Since you've gone to the trouble of creating a patient struct, we can clean up the code a bit by using and passing around some pointers to that struct:

#include <stdio.h>
#include <stdlib.h>
#include <unistd.h>
#include <pthread.h>
#include <time.h>

typedef struct patient_info {
    pthread_t thread;
    char treatment;
    char department[20];
} patient;

patient patients[1000];

void *
registration(void *arg)
{
    patient *pt = arg;

    if (rand() % 2 == 0) {
        pt->treatment = 'M';
    }
    else {
        pt->treatment = 'S';
    }

    return NULL;
}

int
main(void)
{
    srand(time(NULL));

    patient *pt;

    // simple for loop to create my thread
    for (size_t i = 0; i < 1; i++) {
        pt = &patients[i];

        if (pthread_create(&pt->thread, NULL, &registration, pt) != 0) {
            perror("There has been an error with pthread_create().");
            return 1;
        }
    }

    for (size_t j = 0; j < 1; j++) {
        pt = &patients[j];

        if (pthread_join(pt->thread, NULL) != 0) {
            perror("There has been an error with the pthread_join().");
            return 2;
        }
    }

    // make this loop to see where it is writing.
    for (size_t i = 0; i < 1000; i++) {
        pt = &patients[i];

        if (pt->treatment == 'M' || pt->treatment == 'S') {
            printf("Treatment is: %c %d\n", pt->treatment, i);
        }
    }

    return 0;
}

Note that we define the patient array to have 1000 elements.

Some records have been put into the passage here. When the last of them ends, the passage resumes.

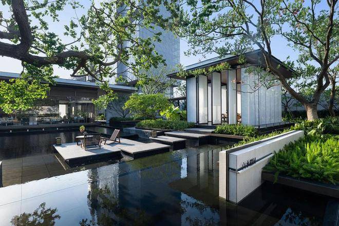 本案园林设计,是现代与古典的融汇运用,山海相拥,四季景色交相辉映,既有传统园林的静谧之美,又展现山海的开阔与壮观。空间之内,东方设计风格得以全新演绎,散发出独特的优雅与深邃。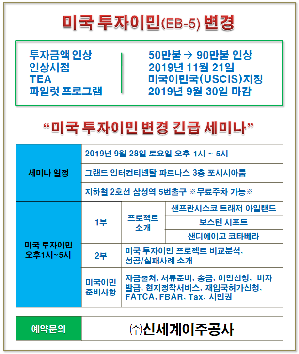 미국 투자이민에 대한 더 자세한 내용은 9월 28일(토) 그랜드 인터컨티넨탈 호텔에서 개최되는 미국 투자이민 긴급 세미나에서 확인 가능하며, 예약자에 한해 입장료와 주차비가 모두 무료다. 세미나 참가 관련 사항은 ㈜신세계이주공사 홈페이지에서 확인 가능하다.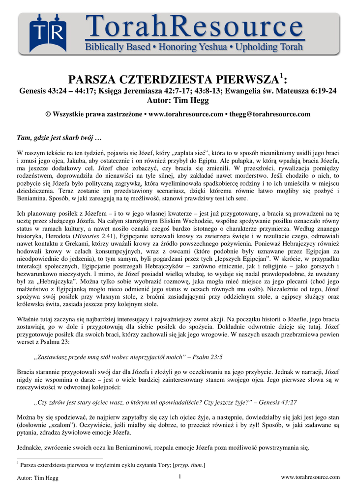 PARSZA CZTERDZIESTA PIERWSZA1: Genesis 43:24 – 44:17; Księga Jeremiasza 42:7-17; 43:8-13; Ewangelia św. Mateusza 6:19-24 Autor: Tim Hegg © Wszystkie prawa zastrzeżone • www.torahresource.com • [email protected] Tam, gdzie jest skarb twój … W naszym tekście na ten tydzień, pojawia się Józef, który „zaplata sieć”, która to w sposób nieunikniony usidli jego braci i zmusi jego ojca, Jakuba, aby ostatecznie i on również przybył do Egiptu. Ale pułapka, w którą wpadają bracia Józefa, ma jeszcze dodatkowy cel. Józef chce zobaczyć, czy bracia się zmienili. W przeszłości, rywalizacja pomiędzy rodzeństwem, doprowadziła do nienawiści na tyle silnej, aby zakładać nawet morderstwo. Jeśli chodziło o nich, to pozbycie się Józefa było polityczną zagrywką, która wyeliminowała spadkobiercę rodziny i to ich umieściła w miejscu dziedziczenia. Teraz zostanie im przedstawiony scenariusz, dzięki któremu równie łatwo mogliby się pozbyć i Beniamina. Sposób, w jaki zareagują na tę możliwość, stanowi prawdziwy test ich serc. Ich planowany posiłek z Józefem – i to w jego własnej kwaterze – jest już przygotowany, a bracia są prowadzeni na tę ucztę przez służącego Józefa. Na całym starożytnym Bliskim Wschodzie, wspólne spożywanie posiłku oznaczało równy status w ramach kultury, a nawet nosiło oznaki czegoś bardzo istotnego o charakterze przymierza. Według znanego historyka, Herodota (Histories 2.41), Egipcjanie uznawali krowy za zwierzęta święte i w rezultacie czego, odmawiali nawet kontaktu z Grekami, którzy uważali krowy za źródło powszechnego pożywienia. Ponieważ Hebrajczycy również hodowali krowy w celach konsumpcyjnych, wraz z owcami (które podobnie były uznawane przez Egipcjan za nieodpowiednie do jedzenia), to tym samym, byli pogardzani przez tych „lepszych Egipcjan”. W skrócie, w przypadku interakcji społecznych, Egipcjanie postrzegali Hebrajczyków – zarówno etnicznie, jak i religijnie – jako gorszych i bezwarunkowo nieczystych. I mimo, że Józef posiadał wielką władzę, to wydaje się nadal prawdopodobne, że uważany był za „Hebrajczyka”. Można tylko sobie wyobrazić rozmowę, jaka mogła mieć miejsce za jego plecami (choć jego małżeństwo z Egipcjanką mogło nieco odmienić jego status w oczach równych mu osób). Niezależnie od tego, Józef spożywa swój posiłek przy własnym stole, z braćmi zasiadającymi przy oddzielnym stole, a egipscy służący oraz królewska świta, zasiada jeszcze przy kolejnym stole. Właśnie tutaj zaczyna się najbardziej interesujący i najważniejszy zwrot akcji. Na początku historii o Józefie, jego bracia zostawiają go w dole i przygotowują dla siebie posiłek do spożycia. Dokładnie odwrotnie dzieje się tutaj. Józef przygotowuje posiłek dla swoich braci, którzy zachowali się jak jego wrogowie. W naszych uszach przebrzmiewa pewien werset z Psalmu 23: „Zastawiasz przede mną stół wobec nieprzyjaciół moich” – Psalm 23:5 Bracia starannie przygotowali swój dar dla Józefa i złożyli go w oczekiwaniu na jego przybycie. Jednak w narracji, Józef nigdy nie wspomina o darze – jest o wiele bardziej zainteresowany stanem swojego ojca. Jego pierwsze słowa są w rzeczywistości w odwrotnej kolejności: „Czy zdrów jest stary ojciec wasz, o którym mi opowiadaliście? Czy jeszcze żyje?” – Genesis 43:27 Można by się spodziewać, że najpierw zapytałby się czy ich ojciec żyje, a następnie, dowiedziałby się jaki jest jego stan (dosłownie „szalom”). Oczywiście, jeśli miałby się dobrze, to przecież również i by żył! Sposób, w jaki zadawane są pytania, zdradza żywiołowe emocje Józefa. Jednakże, zwrócenie swoich oczu ku Beniaminowi, rozpala emocje Józefa poza możliwość powstrzymania się. 1 Parsza czterdziesta pierwsza w trzyletnim cyklu czytania Tory; [przyp. tłum.] Autor: Tim Hegg 1 www.torahresource.com Józef: „Wzruszył się do głębi widokiem brata swego” – Genesis 43:30, dosłownie: „Jego litość była rozgrzana, wezbrała” (por. I Księga Królewska 3:26), i tylko łzy mogły przynieść ulgę. Dlatego spiesznie opuszcza to pomieszczenie, aby zapłakać na osobności. Po raz kolejny narracja pokazuje nam obraz wnętrza Józefa. Po tych wszystkich trudnościach, pozostaje człowiekiem miłosierdzia. Z powodu wyrządzonego mu zła, jego serce nie stało się zatwardziałe, ale pozostało zdolne do prawdziwego współczucia oraz miłości. W naszym nowoczesnym społeczeństwie, męskość cechuje stoicyzm, niewzruszenie oraz brak emocji. Łzy nie przystoją prawdziwemu mężczyźnie. Jednak w rzeczywistości, prawdą jest odwrotność tego. Mężczyzna uczuciowy i dojrzały, to mężczyzna na tyle silny, aby zapłakać – mężczyzna zdolny do okazania prawdziwego współczucia. Widzimy tę samą męską siłę w naszym Mistrzu. Przygnieciony przez śmierć Swojego przyjaciela Łazarza, zapłakał. „I zapłakał Jezus” – Ewangelia św. Jana 11:35 Jako mężczyźni, musimy odrzucić fałszywy obraz męskości, przedstawiany nam przez nasze „postawione na głowie” społeczeństwo, i ponownie ustanowić oraz przywrócić mężczyzn takich, jak Józef i Jeszua jako naszych bohaterów do naśladowania. Delikatne współczucie, które przejawia się w prawdziwych emocjach, jest bardzo męską rzeczą. I odwrotnie, gniew, który zdaje się cechować wielu mężczyzn w naszym społeczeństwie, to w rzeczywistości słabość, która poświadcza o żałosnym egocentryzmie łatwo wykorzystywanym przez szatana. W naszej opowieści, Józef musiał zapłakać na osobności, ponieważ jeszcze nie mógł ujawnić swojej tożsamości. Jego godzina jeszcze nie nadeszła. Zatem, po obmyciu swojej twarzy i odzyskaniu spokoju, powraca do miejsca, gdzie podawany był posiłek i daje komendę do rozpoczęcia uczty. Oczywiście poinstruował swoje sługi co do kolejności w jakiej jego brac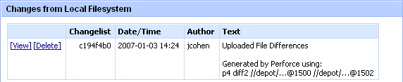 After you upload diffs to the server you will see the "changelist" appear similar to this: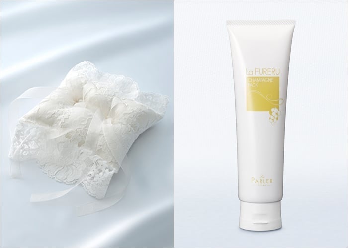 マリッジリングをご成約いただいた方に、ヨーロッパの高級リバーレースで仕立てた「リングピロー」またはエステティックサロン取り扱いの「シャンパンパック」をプレゼントいたします。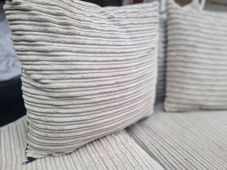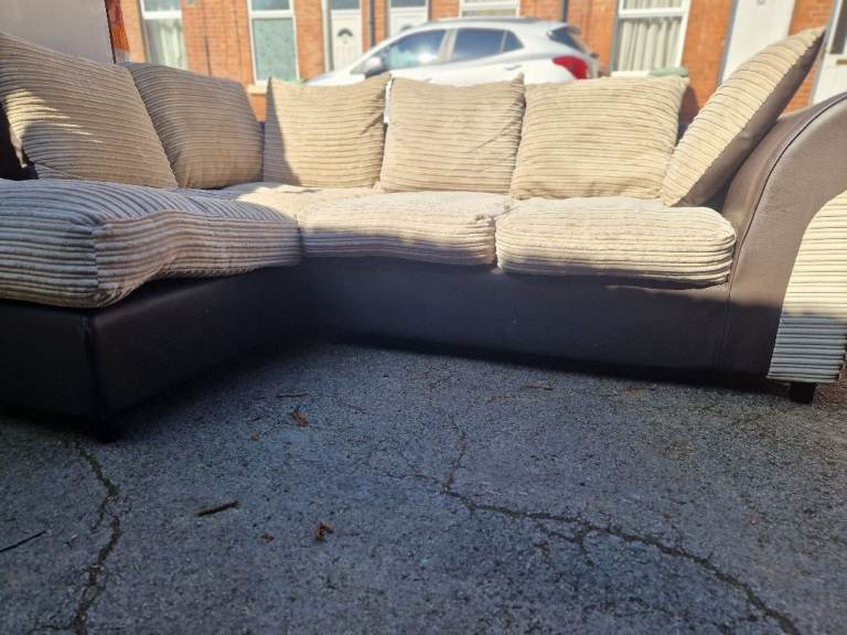 BEIGE CORNER SOFA. LIKE NEW. NO COST HOME DELIVERY

At present, we are only creating one thread.

Presumably, we want to process all 1000 records.

But, creating 1000 threads is problematic and doesn't scale too well. If we had 100,000 patients, we [probably] could not create 100,000 threads in parallel.

And, even if we could, the system would spend most of its time switching between threads and the system would slow to a crawl.

Better to have a "pool" of "worker" threads and feed them a few records at a time.

If we do that, there's no reason to put the pthread_t into the patient record. We can have two separate arrays: one for patients and another [smaller] array for "active" threads.

There are many ways to do this. Ideally, we monitor thread completion and add new threads dynamically. But, that's a bit complicated for a first try.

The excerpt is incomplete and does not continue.